As a starting point, the burning of fossil fuels, and to a lesser extent deforestation and release of methane are responsible for the warming in recent decades:

How much each change to the atmosphere has warmed the world:

Recommended actions to cut greenhouse gas emissions in the near future:

Anti-science, inactivism, and unsupported conspiracy theories are not ok here.
Bonfires apparently, at least in parts of Germany.
I don't see anything significant suggesting they're being discontinued. It's a relatively small amount of wood mass being burned on one day a year.
Anything like Sankthans (Midsommer) in Norway?
What about all of the other German celebrations where they burn a relatively small amount of wood mass?
Are there that many? How much wood are we talking per person per year?
Some of the articles I saw suggested that it was (at least historically) trimmings from hedgerows, which are too thin/green/wet to be useful for much else.
In a lot of places farmers burn piles of unwanted vegetation anyway.

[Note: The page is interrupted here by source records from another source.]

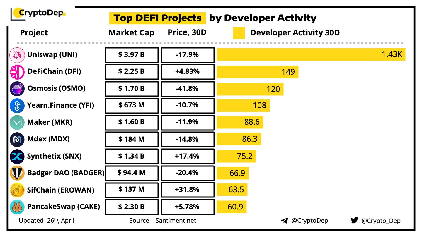 Dev.Activity - the development activity of a project done in its public Github repositories. Development Activity metrics are measured in a number of Github events.
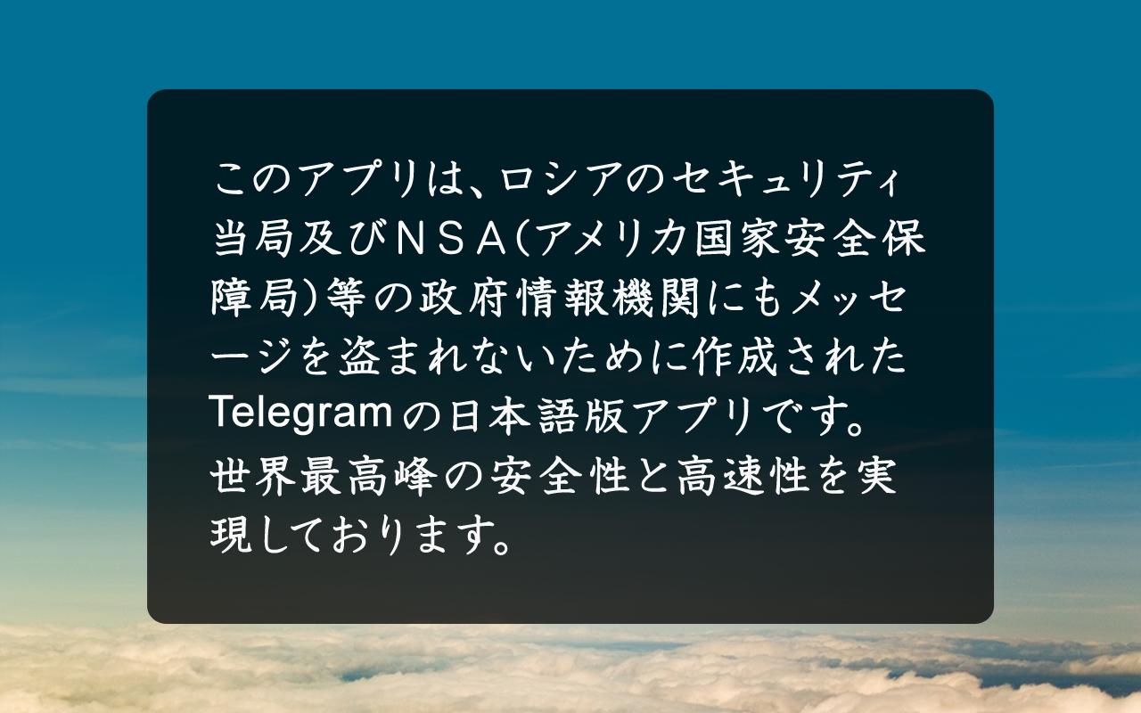 このアプリは、世界で最もセキュリティーレベルの高いと言われるメッセンジャーアプリ(Telegram)の初の日本語版クライアントアプリ、セキュリティーメッセンジャー(Secure MSG)です。
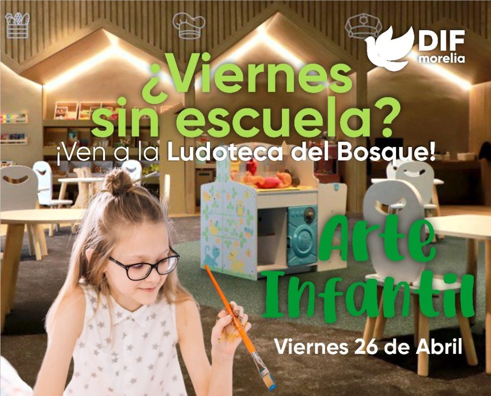 Morelia, Mich, a 25 de Abril de 2024.- Este viernes 26 de abril, la Ludoteca del Bosque del DIF Morelia invita a las niñas y niños de 4 a 12 años a un taller de Arte Infantil, como parte de las actividades especiales organizadas en el marco de los Viernes de Consejo Técnico Escolar, ofreciendo un espacio seguro y estimulante donde las y los niños pueden explorar su creatividad a través de diversas actividades artísticas.

I was mostly assuming based on my own experience, as a human. Humans love gathering around large fires. As you asked let's dive into it.
Here is a bit list of festivals in Germany. This will be my starting place for most of it.

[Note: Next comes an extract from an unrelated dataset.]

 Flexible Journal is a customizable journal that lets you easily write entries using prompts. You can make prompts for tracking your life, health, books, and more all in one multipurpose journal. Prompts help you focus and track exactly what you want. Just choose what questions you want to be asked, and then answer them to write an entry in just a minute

Easter - already discussed too much.
Biikebrennen (mostly a regional thing.)
If one includes fireworks... Well, check out the list of festivals above and word search. There are many.

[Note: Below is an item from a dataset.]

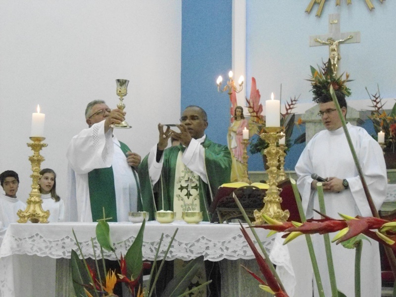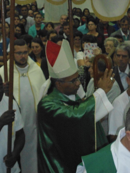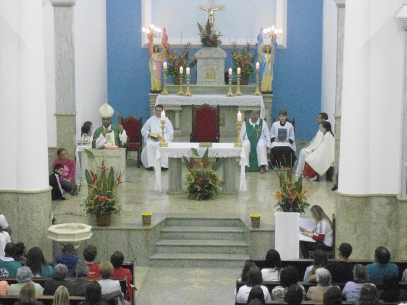 A celebração presidida por ele contou com a participação de todos as Pastorais, Movimentos e Comunidades (urbanas e rurais) de nossa Paróquia. E após o encerramento o Bispo recebeu algumas lembranças com produtos típicos da nossa região.

The Tollwood Winterfestival has fire acts (in the photos at the bottom of the page). While these are very small fires, they look pretty cool.
At this point I asked an AI and it listed three additional. Yes it is shameful that I got impatient. Feel free to stop reading. I did my own reason from the names and provided the links.
Walpurgisnacht, Johannisnacht (Wikipedia does not mention fires, but here are photos from "More Than Beer and Schnitzel.com" ), and Martinsfeuer link goes to a random youtube video with a fire (There were enough bonfire related images in my search for Martinsfeuer that either that word means "bonfire" or there are a number of bonfires during that festival).
Yeah but it is culturally wrong to still burn stuff just for the sake of it. Like a stone age ritual. Like killing a kitten when a baby is born. We need to stop burning things. In the light of what we know, it lacks respect for life and our Earth.
Its okay to have a bonfire. It is nothing like killing a kitten.
It is killing future life. As is needlessly driving a car or flying.